The tests used need modifying in some way so they can be shown to be testing the equipment not the test subject.

Increase the number of subjects until you have a statistically significant group - thus allowing for the idiosyncrasies of individual subjects.
 
Use several subjects and look for patterns. That's how most group blind tests work.
Depends on what you are trying to determine and to what degree.

Yes true, but the tests often quoted on this forum do not do that.

They usually ask , "which is different" "can you hear a difference" "can you identify A or B" or "which do you prefer".
 
Yes true, but the tests often quoted on this forum do not do that.

They usually ask , "which is different" "can you hear a difference" "can you identify A or B" or "which do you prefer".

....to a group.

Here is a blind A-B test of musical aptitude, in particular musical memory and pitch-perception, used in research to screen for tone-deafness. What do you score?

This tells us nothing in the context of hi-fi related audio testing, other than human memory is weak and blind is better than sighted.

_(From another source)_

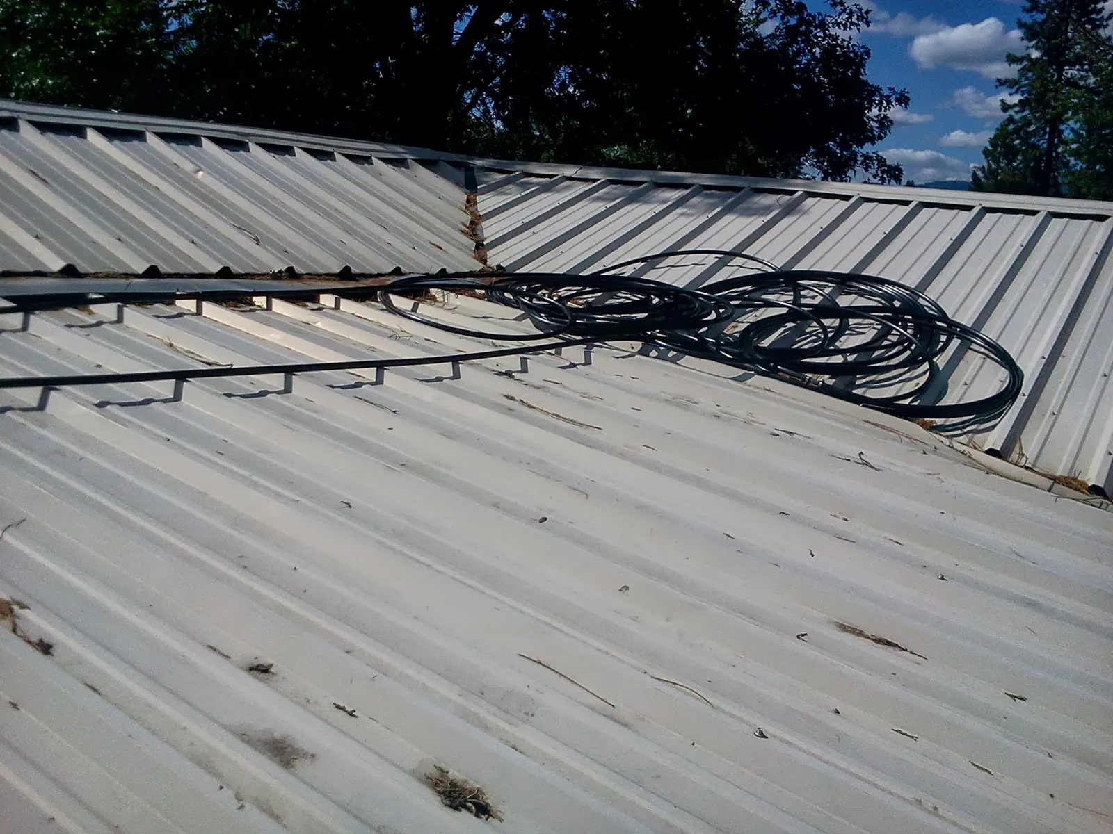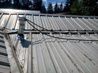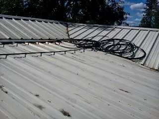 The hovel is without a real water heater, so I rigged up a solar water warmer with black tubing on the roof.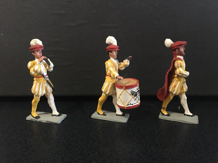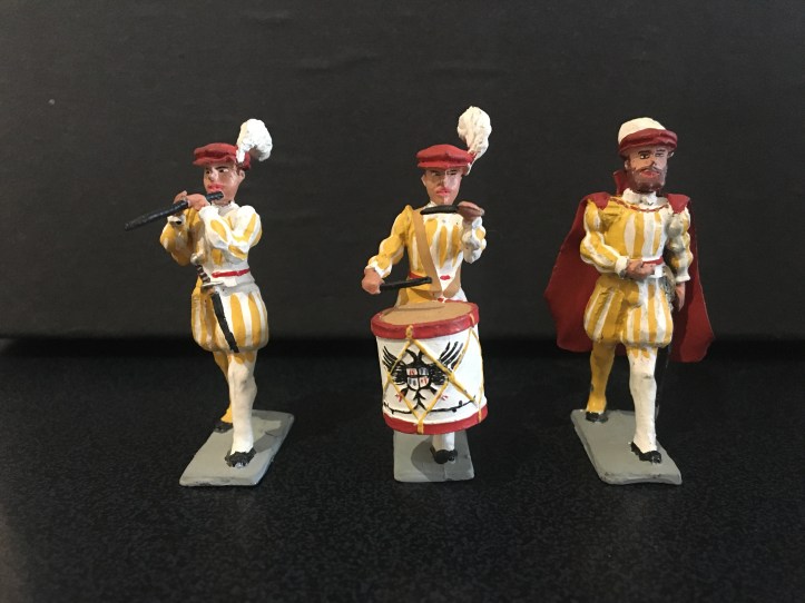 All units common to the Holy Roman Emperor, Carlos V army are depicted; beautifully liveried guard regiments and mercenary landsknechts, each accompanied by drummers and fifers, standard bearers, foot and mounted officers. There are various orders of knighthood and cavalry, each with their banners and trumpeters, and artillery. It is a collection that I’ll never complete, the fun is hunting for them.

Make the test sighted, ie show the people taking the test the music waveforms as they listen, and they'll likely score 100%, making the test pointless.
Blind; it levels the field and removes bias, which is the whole point of a blind test!

On the question of memory, the point is well made.
Make the space between these sound excerpts even longer - as usual with standard sighted audio comparisons - and guess what? - it gets worse again.